Since discovery of HIV/AIDS in the late 1970s, there has been substantial evolution in our ability to identify, treat, and prevent the disease. At the onset of the current HIV/AIDS epidemic, cases of the disease had been reported across 5 countries (Avert.org, History of HIV and AIDS Overview). Researchers worldwide worked diligently to find the best early detection methods to understand the extent of the epidemic and initiate research tailored toward treatment, access to treatment, and most recently, prevention of the disease in vulnerable populations. Over the past 30 years, significant strides have been made in efficacy and safety of treatments as well as in disease prevention.
The International AIDS Society held their 10th annual conference on HIV Science in July of 2019. At the end of the conference, Anne Rancourt, Communications Section Chief of the National Institute of Allergy and Infectious Diseases took time to catch up with Dr. Carl Dieffenbach, the Director of the Division of AIDS at the National Institute of Allergy and Infectious Disease, in an interview posted to the HIV.gov Facebook page. During the interview, they discussed the significant findings and advancements in treatment, the prevention of the disease in current years and its impact moving forward. Dr. Dieffenbach explained that treatment options are constantly evolving – with a goal of decreasing the frequency of treatment, ranging from the dosages needed to the combination of medications prescribed. He spoke to the fact that through research, treatment has evolved from several pills a day to a fixed-dose (often one pill/day) and touched on current research into possible administration of long-term, injectable or implantable therapies.
While these advancements are promising, gaps and barriers to disease prevention still exist and must be addressed, specifically in communities like those in sub-Saharan Africa. Dr. Dieffenbach discusses in length research studies like HPTN 082, ASPIRE, The Ring Study, and HOPE, which have all provided beneficial information for the future of treatment and prevention.
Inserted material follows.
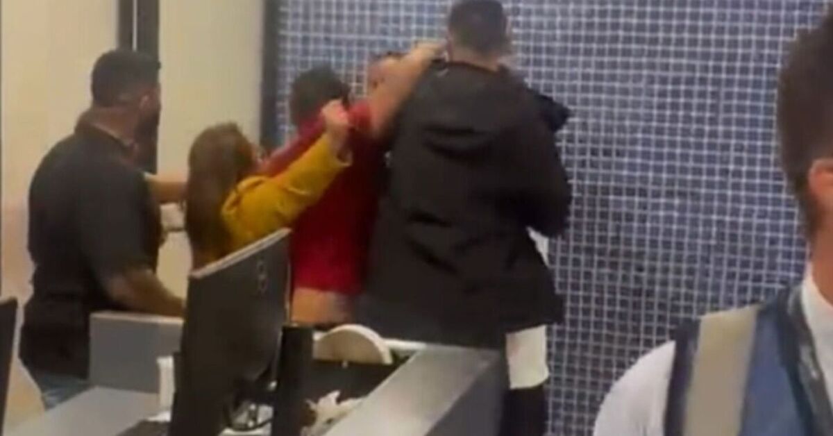 Imagens registradas por testemunhas mostram dois homens se agredindo verbal e fisicamente em meio a uma longa fila, enquanto outros passageiros tentavam intervir.
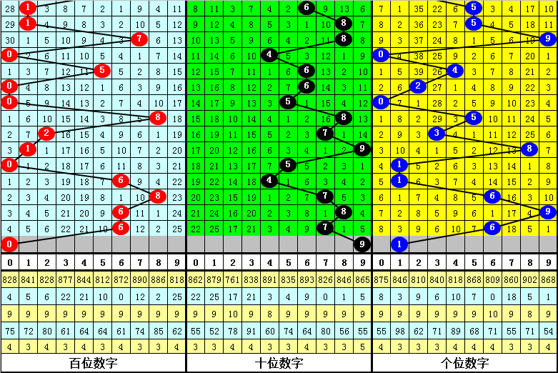 其中两码合0-9开出频次分别为:两码合5、6开出10次,7开出9次,9开出8次,3、4开出6次,0、1开出5次,8开出4次,2开出3次,其中两码合大小比为41:25,012路比为29:20:17,奇偶比为38:28;

According to HIV.gov, studies have shown that acceptance of treatment continues to be stigmatized in these communities. Additional findings from these studies suggest that communication regarding available therapies could be more widespread and effective in the community. Similarly, methods to increase adherence to treatment plans need to be discovered and implemented in order to increase disease prevention within these populations.
As for the fixed-dose treatment, Dr. Dieffenbach examines the severe discrepancy of information regarding pharmacology for men versus women, specifically for TAF, the daily pill for treatment/prevention. The lack of data on women highlights a need for data collection on all populations affected by the disease to ensure proper access to information regarding treatments and options.
Dr. Dieffenbach explains that since major gaps in prevention are related to accessibility and adherence to care plans, research is being conducted to increase the safety and accessibility of treatment options. Understanding the gaps in prevention among women and girls in sub-Saharan Africa provide clarity on the impact of current HIV/AIDS research and its efficacy on decreasing incidence rates. He mentions that it is likely we will see a significant decrease in issues with adherence to care as we approach longer-term treatment options and as research on a global vaccine for HIV called MOSAICO continues.
As a society we have made remarkable advancements in treatment and prevention, but as Dr. Dieffenbach makes clear, there is still significant work to be done particularly in female and vulnerable populations. Increasing HIV/AIDS awareness, education and advocacy for prevention and treatment should continue to be a top priority as the research community continues to advance universally accessible therapies.
Above all, it is critical understand that the most important advancements in HIV/AIDS treatment and prevention are those that reach our most vulnerable populations.